The Xeon E5-2690 v4 is considered to be a medium core count configuration, while the E5-2683 and E5-2697A are classified as a high core count configuration. Both MCC and HCC configuration have two integrated memory controllers and no performance difference should occur. This configuration outlier should be treated as an academic curiosity. The availability of multiple rings and home agents allows for a specific NUMA optimized cache snoop algorithm. This will become evident in a later section

Cache Snooping

Data from the LCC slice can be read by any core in the system, once the data is in the private cache it can be modified. When a cache operation occurs that can affect coherence the cache broadcast this to all other caches. Each cache listens (Snoops) for these messages and react accordingly. Cache coherency protocols keep track of these changes and the most popular invalidation-based-protocol is MESI. Within the MESI Protocol data in cache can be in four states, Modified (M), Exclusive (E), Shared (S), Invalid (I).

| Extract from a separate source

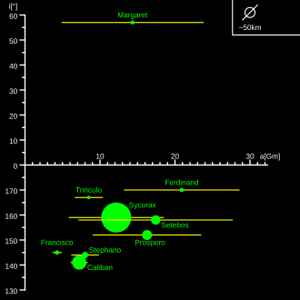 Svi uranovi vanjski sateliti, osim Margaret, kreću se u retrogradnim putanjama sa inklinacijama između 140° i 170°.

L2 Cache State Definition State Definition Cache line exists in
M Modified The cache line is updated relative to memory Single core
E Exclusive The cache line is consistent with memory Single cores
S Shared The cache line is shared with other cores, the cache line is consistent with other cores, but may not be consistent with memory Multiple cores
I Invalid The cache line is not present in this core L1 or L2 Multiple cores

A simple example, a 2 vCPU VM consuming on core 1 and 2 runs SQL server. The VM runs on a 4 core ESXi host.

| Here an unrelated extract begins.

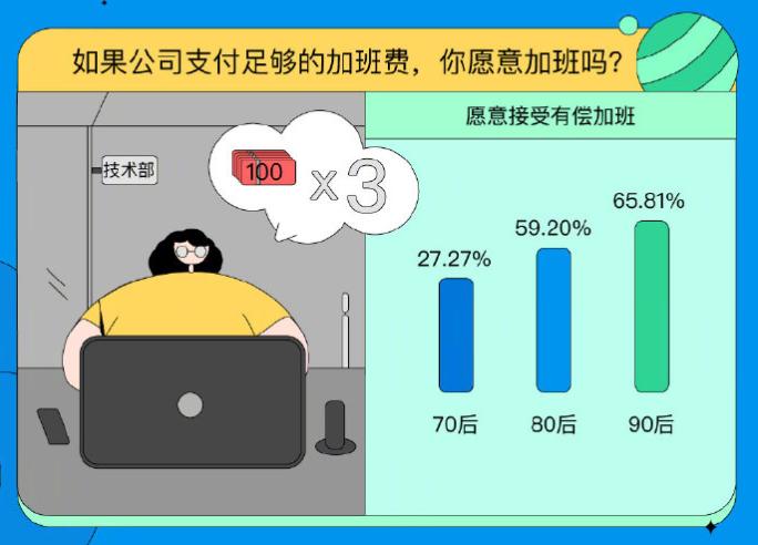 同时,很多人有一个苦恼:下班之后可能还有工作要做。对于这个情况,有超7成90后表示不管领导下不下班都会直接走,但任务来了依然会负起责任。但是,多数人愿意加的班,是给加班费的那种哦。
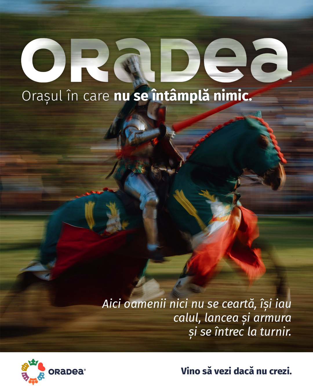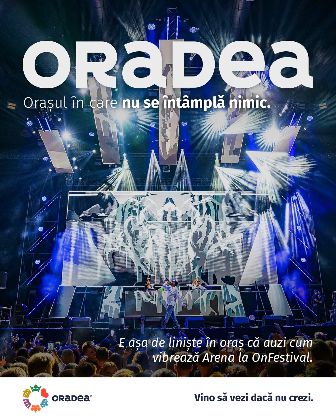 Când nu vrei să convingi, dar convingi, este modul în care funcționează acesta campanie, care nu încearcă să „combată mituri” și nu se luptă cu prejudecăți. Doar le preia una cate una și le lasă să se contrazică singure în contact cu realitatea. Fără push sau explicații, doar contrast. Pentru că, uneori, cel mai eficient mod de a atrage atenția e să spui „nimic”. Campania nu vrea să demonteze mituri. Nu vrea să rescrie Wikipedia. Nu dă note și nu cere justificări. Doar spune, pe un ton calm: „Oradea. Orașul în care nu se întâmplă nimic. Vino să vezi daca nu crezi” o invitație deschisă, că să descoperi singur adevărul.

1: A SQL query requests memory at address X. The query runs on vCPU1 and core 1 detects it does not have this data in it’s L1 and L2 cache. A snoop request is made to the caching agents. Both the L1 and L2 cache of core 1 do not contain this data and a request is made to the caching agent, this could be the caching agent of the LCC slice or the home agent depending on the snoop algorithm. The agent will send out a snoop request to all the cache agents (or the home agent) to determine if they have the cache line. At this point, no cache has this data and MESI protocol states that data is in an invalid state for all four cores.

2: The data is retrieved from memory and stores it into the LLC and the private cache of the core 1. The MESI state of this cache line changes and is Exclusive for core 1 and invalid for the remaining cores.

3; Core1 updates the data which transitions the state of the cache line from Exclusive to Modified.

4: At this point, another query that runs on core 2 wants X as well. The core checks L1 and L2 and both miss, the request is forwarded to the LCC and determines X is present. It might not be consistent anymore, therefore a snoop is sent to core 1 to determine whether the data is modified. It is and retrieves the data and sends it over to core 2, the MESI state of the cache line is changed and now it’s in an shared state.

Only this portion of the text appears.